Multiple Flask Application

The flask application for flask_qed is executed from the flask_cgi.py file. Here a flask app is imported from both pram_flask and hms_flask where both are merged into a single flask app using werkzeug.wsgi DispatcherMiddleware. The different flask applications are routed by a url prefix. Documentation on combining flask applications.

Flask Docker HUB Image

The docker image for qed_flask is built on top of the quanted/qed_py3 image. The quanted/qed_py3 image provides GDAL, GeoS and Proj4 applications for use by the qed models. By default, quanted/qed_py3 will use the latest version from docker hub which is built from the master branch of qed_py3. For running the other branch images, 'staging' and 'dev', the container can be built specifying the version with 'build --build-arg version=dev SERVICE' when running docker-compose.

Adding New Flask Applications

Add your flask application that you wish to merge into flask_qed as a submodule to the flask_qed repo, in the same way that hms_flask and pram_flask.

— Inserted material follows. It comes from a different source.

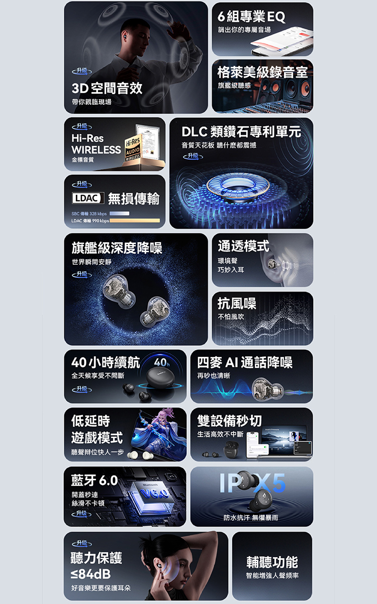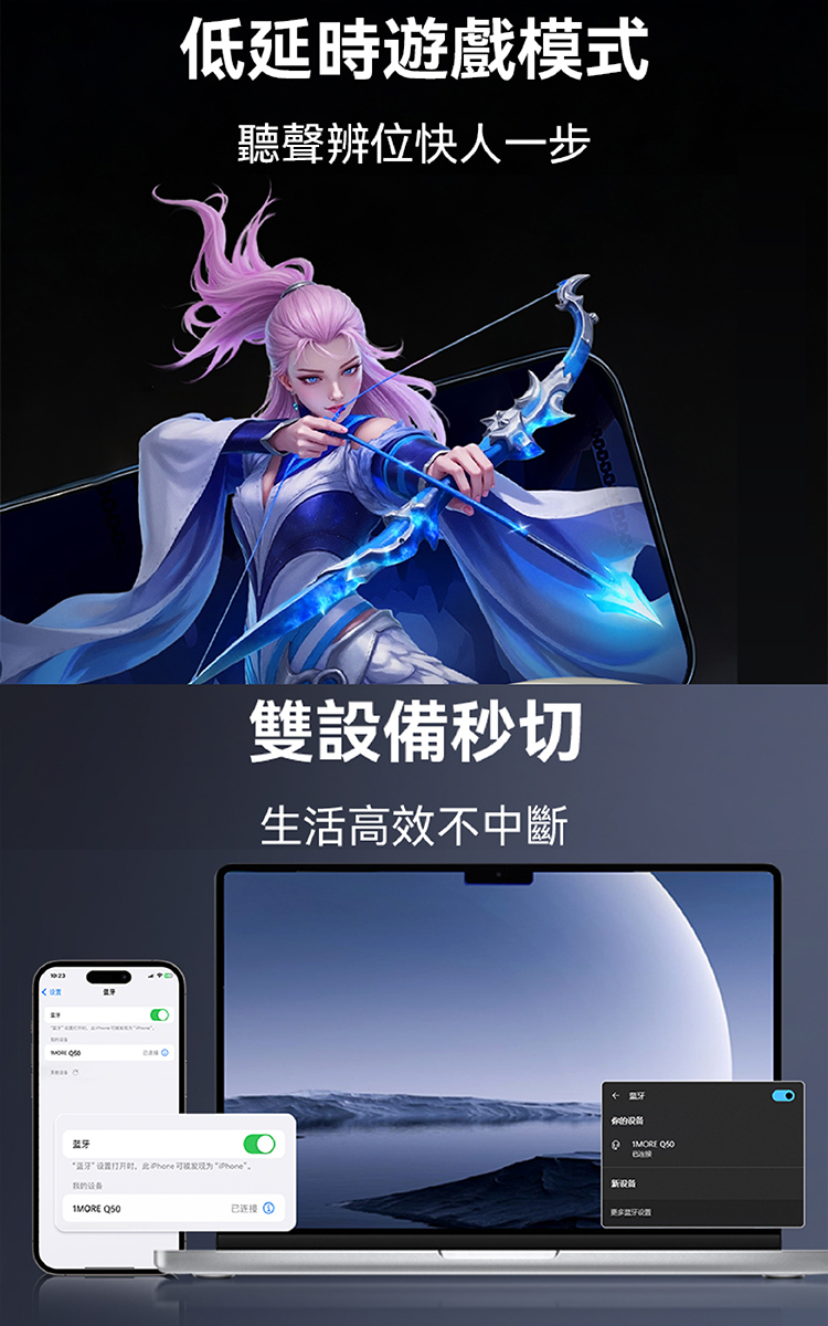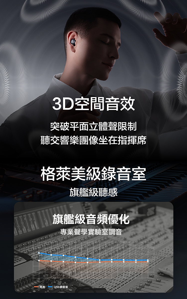 #1MORE #萬魔聲學 #Q50 #真無線 #藍牙耳機 #Hi-RES #LDAC #空間音效 #聽力保護 #IPX5 #bluetooth6.0 #主動降噪

Except for importing celery from the parent directory, no changes are necessary inside of the flask application that is being added to flask_qed.

Updating Celery

Celery is configured and initialized from the parent flask directory, flask_qed, in celery_cgi.py. Here any additional tasks specific to each flask application need to be added to the celery_tasks list, where the string points to the location of where celery tasks are declared in the flask app.

Updating Flask

To integrate a new flask application into the flask_qed flask app, the new flask app needs to be imported into flask_cgi.py. Specifically, the flask 'app' itself needs to be imported and added to the DispatcherMiddleware function call, in the same way as hms and pram, 'import hms_flask.flask_hms as hms' and 'hms.app'. The routing to the new flask app is set by the key value in the form of a url prefix, i.e. '/hms'. To hit any endpoint in your new flask app after the merge, prepend the key value prefix set in flask_cgi.py to the url endpoint you are wanting to hit.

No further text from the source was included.